Problem to work on
The whole listing below should be retyped exactly, without any images.

Information shown
────────────────

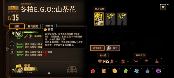 ● 在游戏里,E.G.O技能设有异想解析阶段,共分为I、II、III、IV四个等级,每次异想解析进阶都会使阶段提升1级。一般而言,异想解析的阶段越高,E.G.O技能的效果就越出色,其属性数值也会相应变得更强大。
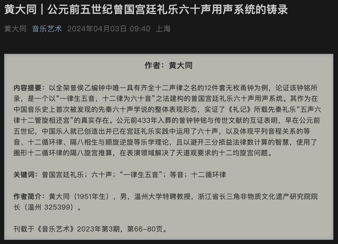音乐学系黄大同教授主持的国家社会科学基金重点项目“曾侯乙编钟乐律学体系研究”圆满结题。该项目自2018年立项历时五年,以曾侯乙编钟和编磬的乐律学铭文及其测音结果作为研究对象,对曾侯乙钟磬的乐律学体系进行了评述和分析,重新解读了‘变声有何作用’‘六律如何旋宫’等问题,并在此基础上揭示曾钟曾磬铭文的主题、内容与内容生成法等问题真相。《曾侯乙编钟钟铭的“五音不全”表象探究》、《楚国十二律名的结构生成逻辑与其律制隐含》、《曾侯乙编钟十二声名结构样式与生成之推导(上/下)》、《公元前五世纪曾国宫廷礼乐六十声用声系统的铸录》等多篇研究成果发表在核心期刊上。
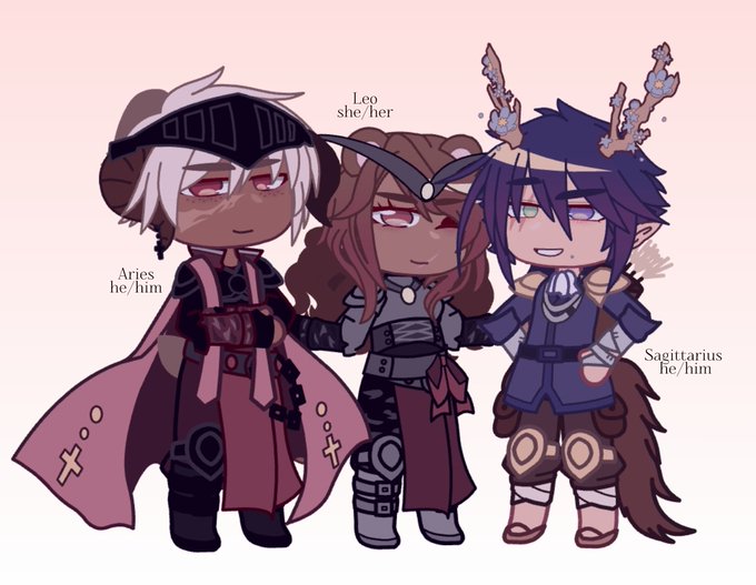 Earth signs + scorpio are done finally...8 more to go 😀 btw in my au, their outfits are signed whatever or not, their a "combat" sign (basiclly does more fighting then magic), like Scorpio and Taurus here are combat signs as you can see by their armor, while virgo does magic

────────────────

The answer
 ● 在游戏里,E.G.O技能设有异想解析阶段,共分为I、II、III、IV四个等级,每次异想解析进阶都会使阶段提升1级。一般而言,异想解析的阶段越高,E.G.O技能的效果就越出色,其属性数值也会相应变得更强大。
音乐学系黄大同教授主持的国家社会科学基金重点项目“曾侯乙编钟乐律学体系研究”圆满结题。该项目自2018年立项历时五年,以曾侯乙编钟和编磬的乐律学铭文及其测音结果作为研究对象,对曾侯乙钟磬的乐律学体系进行了评述和分析,重新解读了‘变声有何作用’‘六律如何旋宫’等问题,并在此基础上揭示曾钟曾磬铭文的主题、内容与内容生成法等问题真相。《曾侯乙编钟钟铭的“五音不全”表象探究》、《楚国十二律名的结构生成逻辑与其律制隐含》、《曾侯乙编钟十二声名结构样式与生成之推导(上/下)》、《公元前五世纪曾国宫廷礼乐六十声用声系统的铸录》等多篇研究成果发表在核心期刊上。
 Earth signs + scorpio are done finally...8 more to go 😀 btw in my au, their outfits are signed whatever or not, their a "combat" sign (basiclly does more fighting then magic), like Scorpio and Taurus here are combat signs as you can see by their armor, while virgo does magic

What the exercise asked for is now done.